Второе июля четвёртого года | страница 19



Чехов и Ленин друг другу не понравились. Это имело свои отдаленные последствия. Мемуарную главу об Ульянове Чехов назвал «Чайник кипит!», а в конце жизни, вернулся к этой теме, написал и передал через Илью Эренбурга [который был ликвидирован за это органами НКВД] в Париж известнейшую [на Западе] повесть «Семья Гурьяновых», где в главном герое легко угадывается Ленин. Это была последняя художественная вещь Чехова, повесть о профессиональных революционерах, тема, к которой он в молодости не знал как подступиться или просто не имел никакого желания копаться в темных душах фанатиков. «В революцию уходят по-разному», — уклончиво говорил он. Антон Павлович писал повесть очень тяжело, повторяя манеру «Рассказа неизвестного человека»; в ней описывается крушение талантливой интеллигентной семьи, которая, после неожиданной смерти отца, директора провинциальной гимназии, как видно, «человека в футляре», державшего семью в руках, ушла в революцию. Покушение на царя, казнь старшего брата, отчуждение друзей и знакомых, бытовая неустроенность, скитания на чужбине, аресты, тюрьмы, ссылки — вот содержание этой повести. Чехов часто заканчивал свои рассказы «ничем», то есть, в его концовках не происходило никакого завершающего события; в «Семье Гурьяновых» главное событие все-таки произошло, цель жизни маленького человека была достигнута, он совершил босяцкую революцию во имя счастливого будущего всего человечества ценой гражданской войны, ценой жизни 15 [пятнадцати] миллионов тех же босяков, крестьян, мещан, рабочих, купцов, буржуа, интеллигентов, аристократов, и, наконец, самой царской семьи; для кого же он ее совершал? Этого маленького человека теперь называют большим, великим, гениальным человеком, а он, полупарализованный двумя инсультами, сидит в кресле-качалке, таращит глаза, пускает слюни и мочится под себя.

Александр Куприн в своих воспоминаниях пишет:

«Думается, Чехов никому не раскрывал своего сердца вполне. Но ко всем относился благодушно, безразлично в смысле дружбы и в то же время с большим, может быть, бессознательным интересом».

И это удивительно глубокое замечание. Оно говорит о Чехове больше, чем все те факты его долгой биографии, которые я [Моэм] излагаю.

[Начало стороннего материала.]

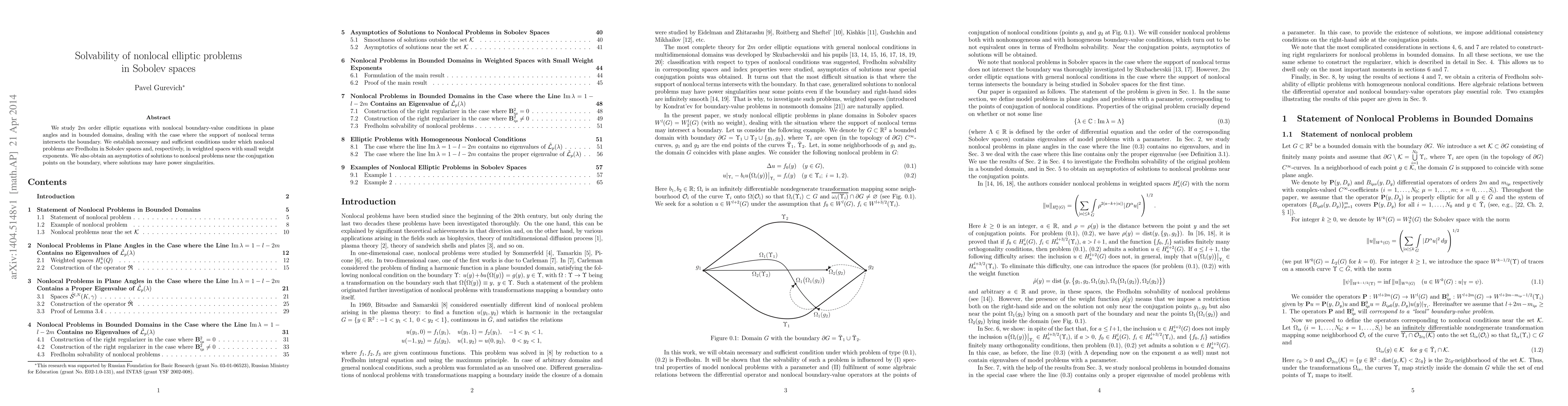 This paper investigates the solvability of $2m$-order elliptic equations with nonlocal boundary conditions in plane angles and bounded domains, establishing necessary and sufficient conditions for Fredholmness in Sobolev and weighted spaces. It also provides an asymptotic analysis of solutions near boundary conjugation points where singularities may occur.

В 1910 году умер Лев Толстой. Как говорится, «The King is dead, long live the King!» [«Король умер, да здравствует король!»] Чехова никто не короновал, не назначал и не выбирал, но этого и не требовалось, он естественным образом, по праву «наследного принца» возглавил русскую литературу. Авторитет Чехова был беспрекословен. «Как хорошо, что в русской литературе есть Лев Толстой! — говорил Чехов в молодости. — При нем никакая литературная шваль не смеет поднять голову». Теперь обязанности Льва Толстого перешли на Чехова, и по авторитету и по старшинству в свои пятьдесят лет Чехов был первым. Генетическая наследственная связь Чехова с Пушкиным, Гоголем, Лермонтовым, Достоевским, Толстым ни у кого не вызывала сомнений, но Чехова почти не знали на Западе. Дело в том, что в начале века его издательские дела крайне запутались, Чехов потерял права на свои произведения, попал в литературную кабалу.